=== Problem to work on ===
For the records below, output word for word the lines from the one with "日曜・祝日は午前11時30分から午後9時まで、の通し営業です。" up to and including the one with "Professionals often use". No pictures.

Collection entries
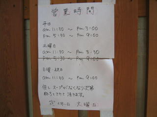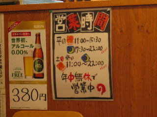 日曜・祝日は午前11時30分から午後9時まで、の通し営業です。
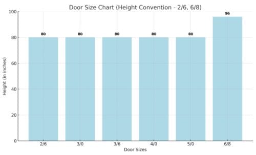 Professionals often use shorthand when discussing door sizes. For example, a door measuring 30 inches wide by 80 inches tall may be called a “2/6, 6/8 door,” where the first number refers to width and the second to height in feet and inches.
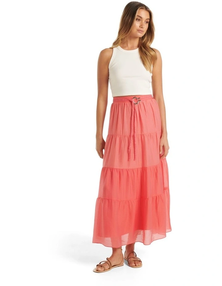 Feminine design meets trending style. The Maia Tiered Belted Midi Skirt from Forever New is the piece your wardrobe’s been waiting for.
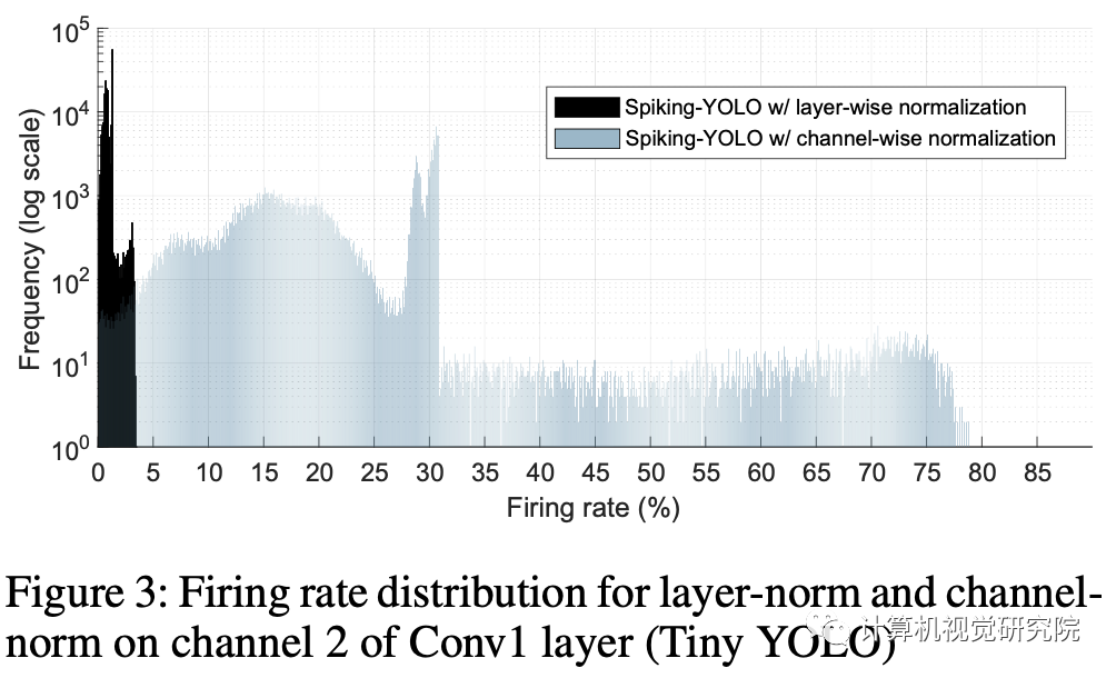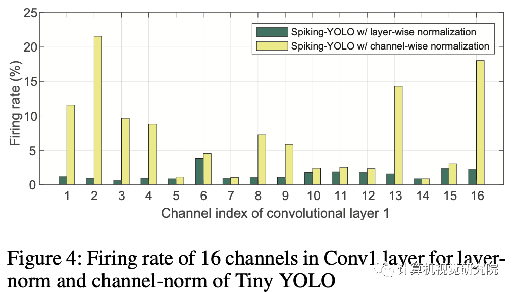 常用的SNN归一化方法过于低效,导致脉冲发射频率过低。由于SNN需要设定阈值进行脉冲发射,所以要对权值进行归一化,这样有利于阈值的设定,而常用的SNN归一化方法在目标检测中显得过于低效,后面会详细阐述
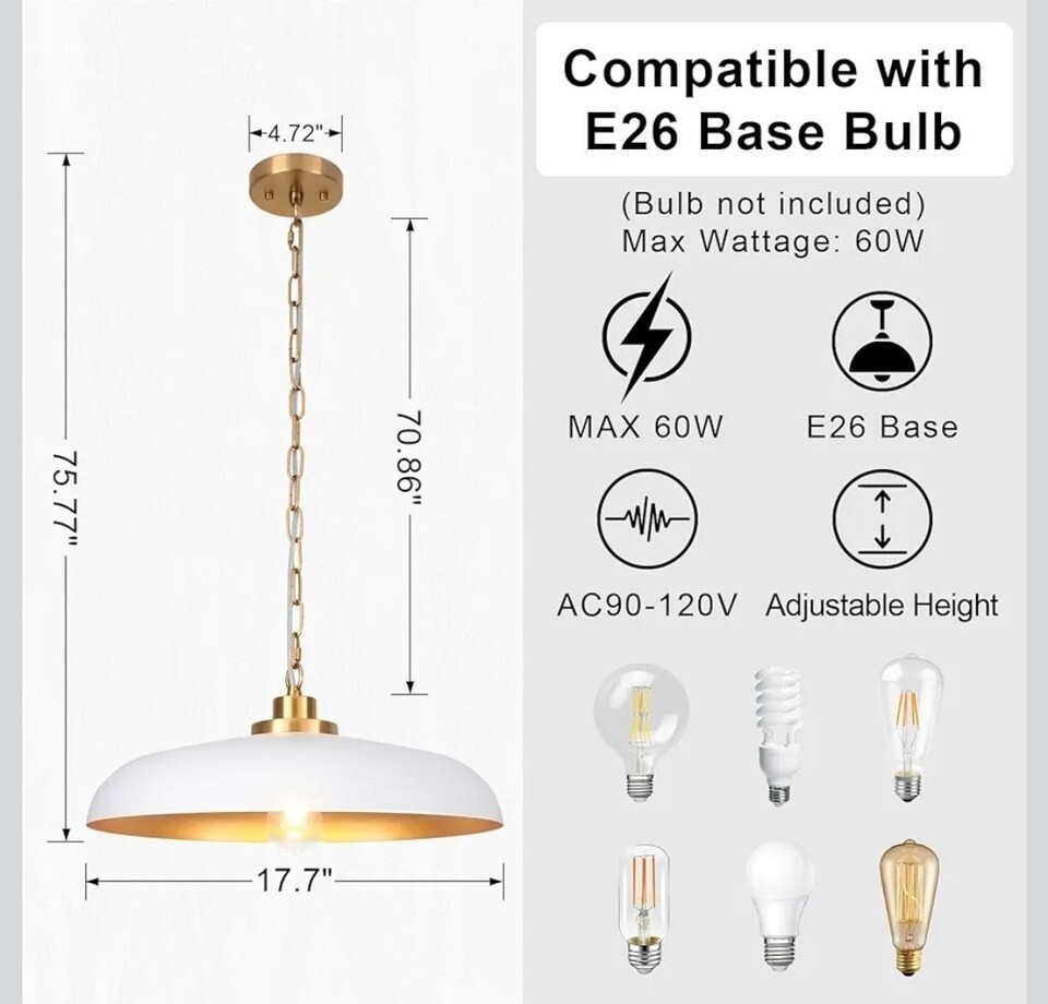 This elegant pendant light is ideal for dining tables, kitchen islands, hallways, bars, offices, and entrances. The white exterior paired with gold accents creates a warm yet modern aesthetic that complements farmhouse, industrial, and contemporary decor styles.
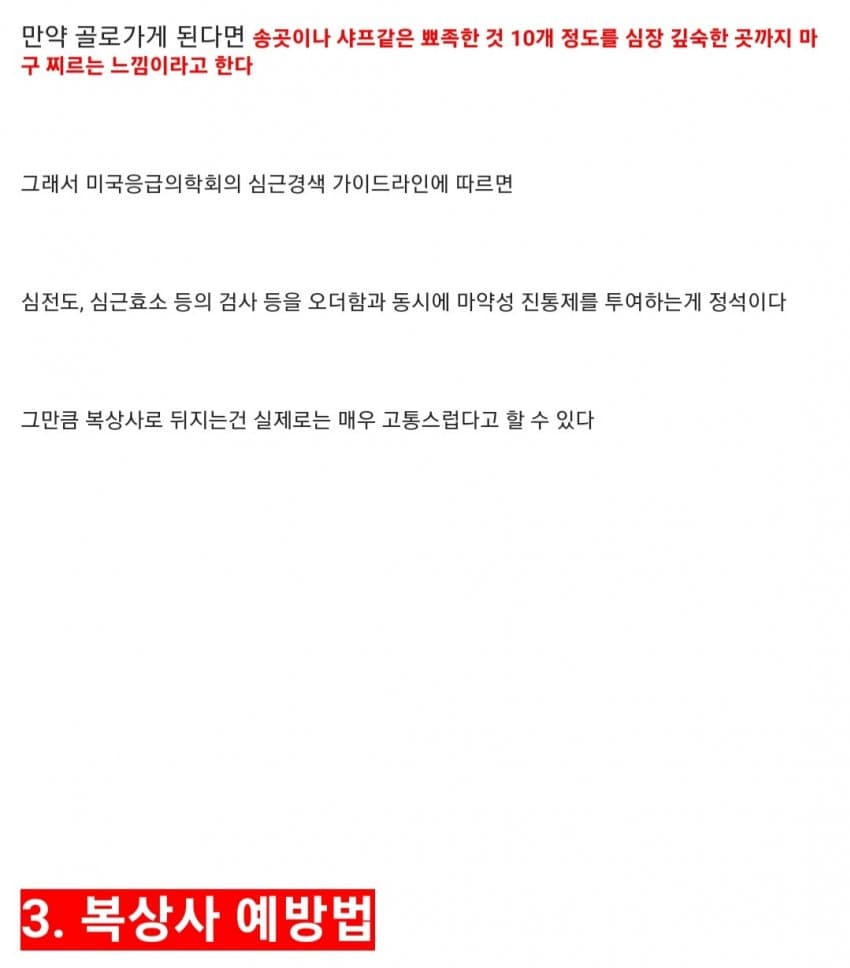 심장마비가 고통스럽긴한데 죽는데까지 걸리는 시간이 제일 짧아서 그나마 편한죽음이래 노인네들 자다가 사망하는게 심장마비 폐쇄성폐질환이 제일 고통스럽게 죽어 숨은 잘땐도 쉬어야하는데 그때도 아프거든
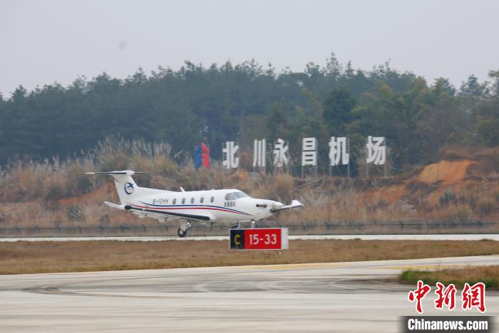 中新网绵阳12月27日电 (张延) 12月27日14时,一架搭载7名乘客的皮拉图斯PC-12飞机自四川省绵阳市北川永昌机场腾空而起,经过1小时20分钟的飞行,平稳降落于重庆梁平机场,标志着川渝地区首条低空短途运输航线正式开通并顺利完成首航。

--

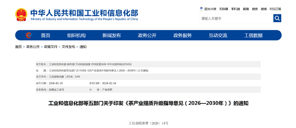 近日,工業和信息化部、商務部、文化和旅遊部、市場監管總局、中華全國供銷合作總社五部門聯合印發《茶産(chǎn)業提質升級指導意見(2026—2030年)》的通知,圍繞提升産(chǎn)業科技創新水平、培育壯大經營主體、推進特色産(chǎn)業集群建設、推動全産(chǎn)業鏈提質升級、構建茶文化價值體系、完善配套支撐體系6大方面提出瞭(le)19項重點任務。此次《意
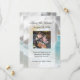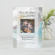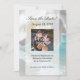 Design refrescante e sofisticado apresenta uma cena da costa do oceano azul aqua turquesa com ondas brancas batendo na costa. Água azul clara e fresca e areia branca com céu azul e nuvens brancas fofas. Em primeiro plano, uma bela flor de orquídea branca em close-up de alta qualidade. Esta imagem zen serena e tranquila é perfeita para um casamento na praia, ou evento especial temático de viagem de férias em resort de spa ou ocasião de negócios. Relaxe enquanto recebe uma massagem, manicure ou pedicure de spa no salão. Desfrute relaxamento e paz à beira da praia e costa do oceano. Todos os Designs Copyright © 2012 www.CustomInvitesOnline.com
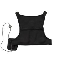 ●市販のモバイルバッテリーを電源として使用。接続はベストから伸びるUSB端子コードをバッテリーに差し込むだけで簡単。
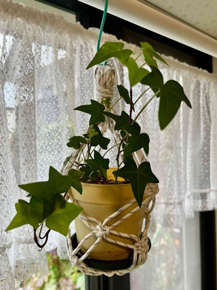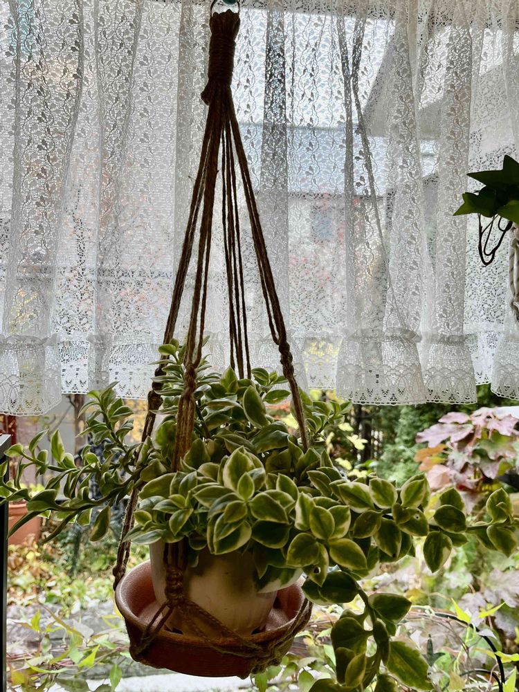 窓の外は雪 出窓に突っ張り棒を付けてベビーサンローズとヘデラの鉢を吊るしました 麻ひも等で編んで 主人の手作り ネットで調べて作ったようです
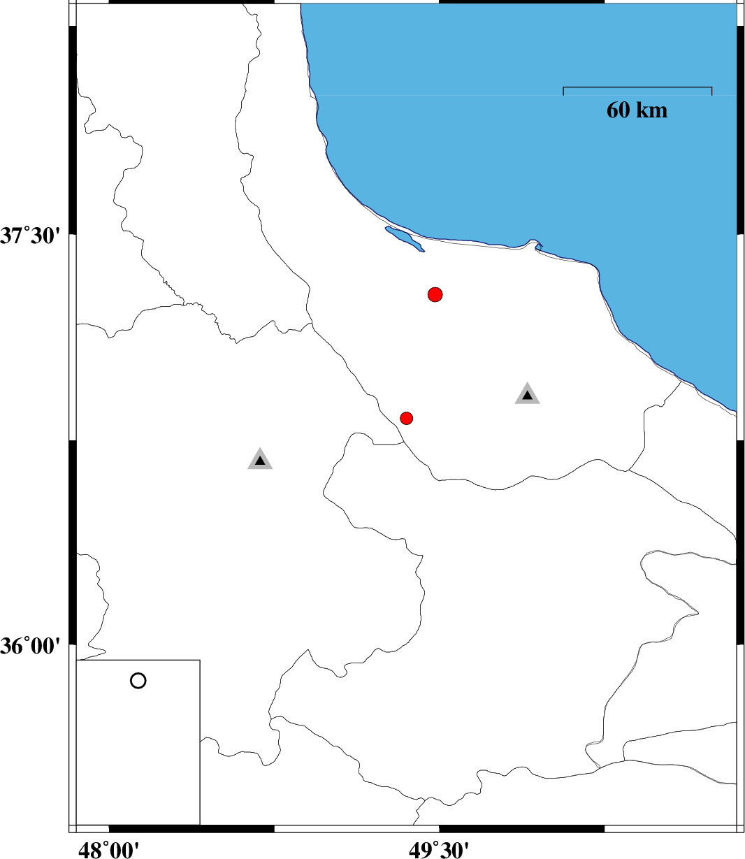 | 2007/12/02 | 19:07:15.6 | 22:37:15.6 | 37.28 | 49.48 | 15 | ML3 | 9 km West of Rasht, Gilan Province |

=== Written response ===
 日曜・祝日は午前11時30分から午後9時まで、の通し営業です。
 Professionals often use shorthand when discussing door sizes. For example, a door measuring 30 inches wide by 80 inches tall may be called a “2/6, 6/8 door,” where the first number refers to width and the second to height in feet and inches.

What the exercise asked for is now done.